On April 17, the Paris Court of Appeal ruled that Airbus and Air France were guilty of manslaughter in the deadliest plane crash in French history – Flight AF447 from Rio de Janeiro, Brazil, to Paris in 2009, which killed all 228 people on board.
Under the ruling, both companies were deemed “fully responsible” for the accident and each was fined 225,000 euros ($261,720) – the maximum penalty for corporate manslaughter. Although the fine is largely symbolic, it marks a legal victory for the victims' families after an eight-week trial.
Previously, in 2023, a lower court had acquitted both Airbus and Air France. Both companies have repeatedly denied all charges.

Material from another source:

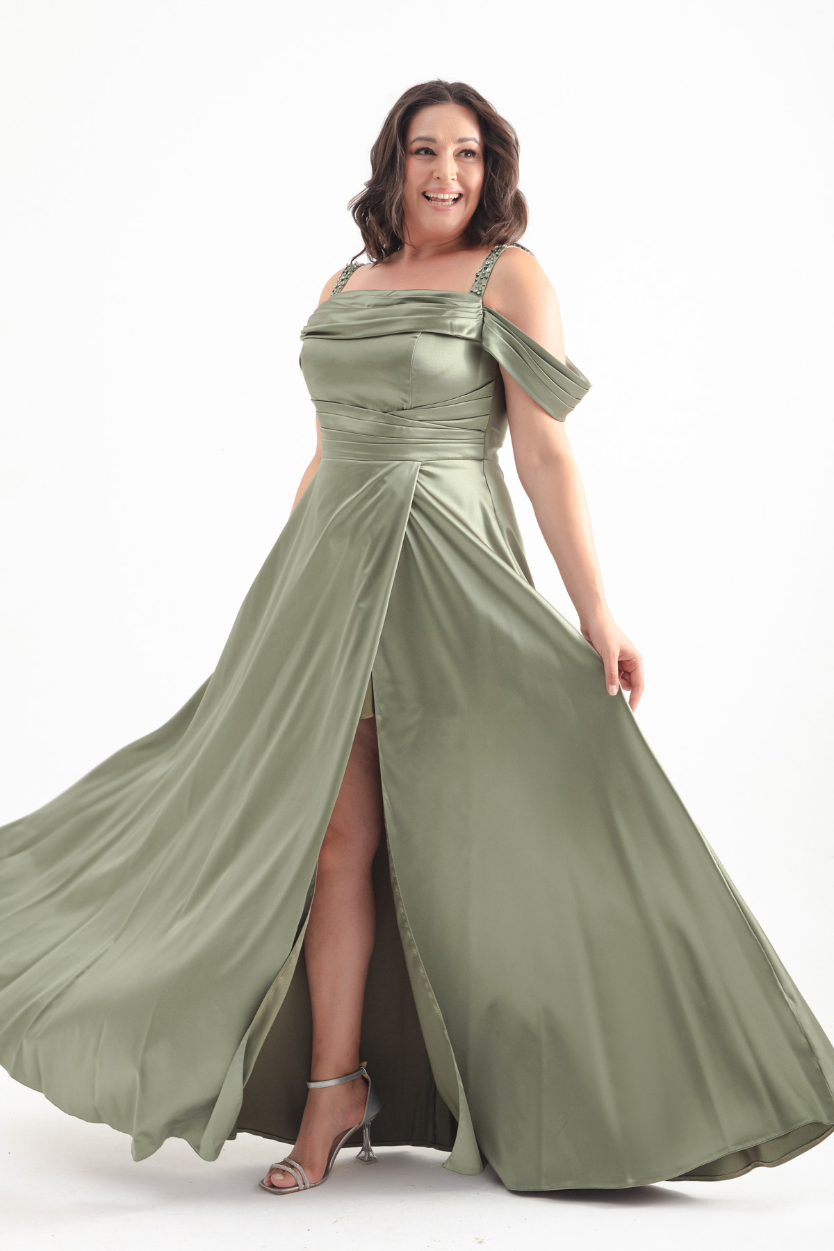 Lafaba Női khaki színű, szűk szabású, kőpántos, drapériás, nagyméretű, hosszú estélyi ruha jellemzők

Shortly after the verdict, Airbus announced it would appeal to France's highest court, arguing that the new conclusion contradicts prosecutors' arguments and the 2023 acquittal. Prosecutors had earlier warned of a possible appeal and criticized the companies' conduct throughout the more than decade-long proceedings. “Nothing has changed – not one sincere word of comfort,” prosecutor Rodolphe Juy-Birmann said during the trial in November 2024, calling the entire process “a lack of decency.”
The accident occurred on June 1, 2009, when Flight AF447 vanished from radar en route from Rio de Janeiro to Paris. Two years later, a deep-sea search recovered the plane's black boxes. Investigators determined that the pilots had pulled the plane up while sensors, clogged with ice in a storm over the mid-Atlantic, malfunctioned, causing the aircraft to stall and crash into the ocean.
While Airbus and Air France blamed pilot error, lawyers for the victims' families argued that both companies knew about the problem with the plane's pitot tubes—devices that measure airspeed—but did not train pilots on how to handle emergencies when those parts failed. Air France lawyer Pascal Weil said in October 2024 that the company “had the capability to train at high altitude, but didn't because we truly believed it was unnecessary.”